Kafka Training Exercises

Open in Gitpod

References

Setting up a local Kafka broker and Zookeeper

docker-compose up

Connect to the local kafka-cli container that started with docker compose docker exec -it kafka-cli bash Inside the container, you can connect to Kafka, using a different host

kafka-topics.sh --list --bootstrap-server broker:29092

Exercises

first steps

  1. Use the Kafka CLI (available in the path (eg: kafka-topics.sh --list --bootstrap-server localhost:9092):
  2. Create new topic called 'my-events' with 3 partitions
  3. Produce some messages using the 'kafka-console-producer'
  4. Consume the messages using the 'kafka-console-consumer'

Console Producer & Consumer

  1. Produce records with full key-value pairs. Kafka works with key-value pairs, but so far you’ve only sent records with values only. Well to be fair you’ve sent key-value pairs, but the keys are null. Sometimes you’ll need to send a valid key in addition to the value from the command line. To enable sending full key-value pairs from the command line you add two properties to your console producer, parse.key and key.separator
  2. Start a consumer to show full key-value pairs. Now that we’ve produced full key-value pairs from the command line, you’ll want to consume full key-value pairs from the command line as well. Add the properties print.key and key.separator
  3. Start a new consumer. This time provide a group.id property. Start multiple consumers with the same group id. This should trigger a rebalance. There are now 2 consumers in the same group. One consumer will get 1 partition assigned, the other one will get 2 partitions. Try to see this effect in action by producing and consuming.
  4. Start a new consumer. change the group.id property again. What happens now? Why?

Java Producer

  1. Take a look at this page for a Java Kafka Producer example.
  2. Write a Java producer that uses a string serializer for the key and a json serializer for the value. Create a POJO SensorEvent with 3 properties: timestamp (string), value (double) and unit (string). Write a for loop to send 100 SensorEvents to a newly created topic called sensor_events with 3 partitions. Try to simulate real sensor measurements and randomize the values and units.
  3. Update your Kafka producer properties and use the safest way to produce messages on Kafka, using the properties that we saw in the slides. Those properties increase the durability of our data, guarantee that we don't get any duplicates and provide end to end ordering guarantees
  4. Create another topic called sensor_events_2 with 3 partitions. Create a new transactional producer that writes messages to both topics in a transactional way. Try to abort a transaction after you have written to a single topic. What happens now when you try to consume this topic with a console consumer?
  5. Bonus: Convert your Java project to a Spring Boot project and use spring-kafka. Figure out how to automatically create topics at application bootstrap time

Java Consumer

  1. Take a look at this page for a Java Kafka Consumer example.
  2. Write a Java consumer that uses a string deserializer for the key and a json deserializer for the value. Read data from the topic that you created in the producer exercise.
  3. Start a second instance of your Java consumer with the same group.id This should trigger a rebalance. There are now 2 consumers in the same group. One consumer will get 1 partition assigned, the other one will get 2 partitions. Produce some more records to this topic and see what happens.
  4. Disable auto committing by setting the enable.auto.commit to false. What happens when you don't commit your offsets manually, and you start your consumer group? Try committing your offsets manually both synchronously as asynchronously.

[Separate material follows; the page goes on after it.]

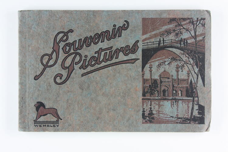 Printed on front cover in red ink: Souvenir/ Pictures; WEMBLEY Printed on inside front page: SOUVENIR/ PICTURES/ BRITISH EMPIRE EXHIBITION/ WEMBLEY/ 1925 Handwritten inscription, pencil, title plate: From h. Langdon/ Half Moon hm /Paignton England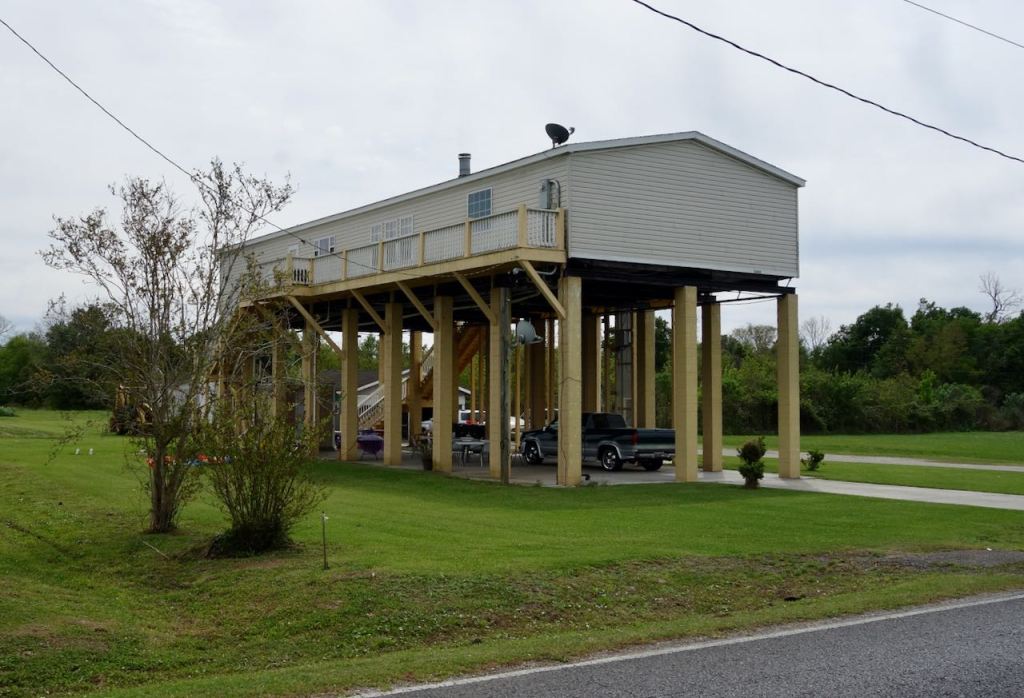 Just beyond the afore mentioned concrete floodgate, and still within commuting distance to New Orleans is a partially abandoned suburban development called Braithwaite Park. It used to include a public golf course. My friends and I drove down here and played that course in the 1980’s and again in about 2001. It was likely the only golf course in America that had a Budweiser machine in the pro shop. Today parts of Braithwaite Park are a wasteland, having been flooded at least once, maybe multiple times. I know the golf course is no more. Do you abandon your slab built brick home, or do you repair it and hope it does not flood again, or do you spend a bunch of money and raise it up?

Kafka Streams - Word Count

  1. Take a look at this page for a Kafka Streams example.
  2. Take a look at the pom.xml file and see what dependencies have been added for Kafka Streams.
  3. Create 2 new topics text_lines and words_with_count with the CLI.
  4. Create a Kafka Streams application that reads data from the text_lines topic. This topic contains full sentences (1 event = 1 sentence). The goal of the Kafka Streams application is to split the sentence into words and count the occurrence of every word across sentences and thus Kafka events. On the output topic words_with_count we expect the word as key and a long with the count of that word as value. Tip: take a look at the flatMap function to convert one event into multiple events.
  5. Test your Kafka streams application manually by producing events with the console producer and reading events with the console consumer.
    kafka-console-producer.sh --topic text_lines --bootstrap-server localhost:9092
    
     kafka-console-consumer.sh --topic words_with_count --from-beginning --bootstrap-server localhost:9092 --property "print.key=true" --property "key.separator=:" --value-deserializer "org.apache.kafka.common.serialization.LongDeserializer"
    

Kafka Streams - Sensor Events aggregate

  1. Create a new topic called sensor_events_aggregate. This topic will be used to create aggregations of multiple sensor events. A model class AggregateSensorEvent has been created with the desired output format. We want to make aggregations based on the unit. For each unit (co, co2, h2o, ...) we want to know the total count of events, the sum of the measurement value, the average of the measurement values and the maxTimestamp we encountered to know what our most recent measurement time was.
  2. Create a Kafka Streams application that reads the sensor_events topic.
  3. Filter out all the measurements with a value below 100
  4. Make sure that all the units of a measurement are in upper case. If this is not the case, transform them to uppercase values
  5. Write the logic to create the aggregations described in step 1. Tip: use the aggregate function for this. Write the output as a stream to the sensor_events_aggregate topic.
  6. Unit test your Kafka Streams application logic. Take a look here for an example.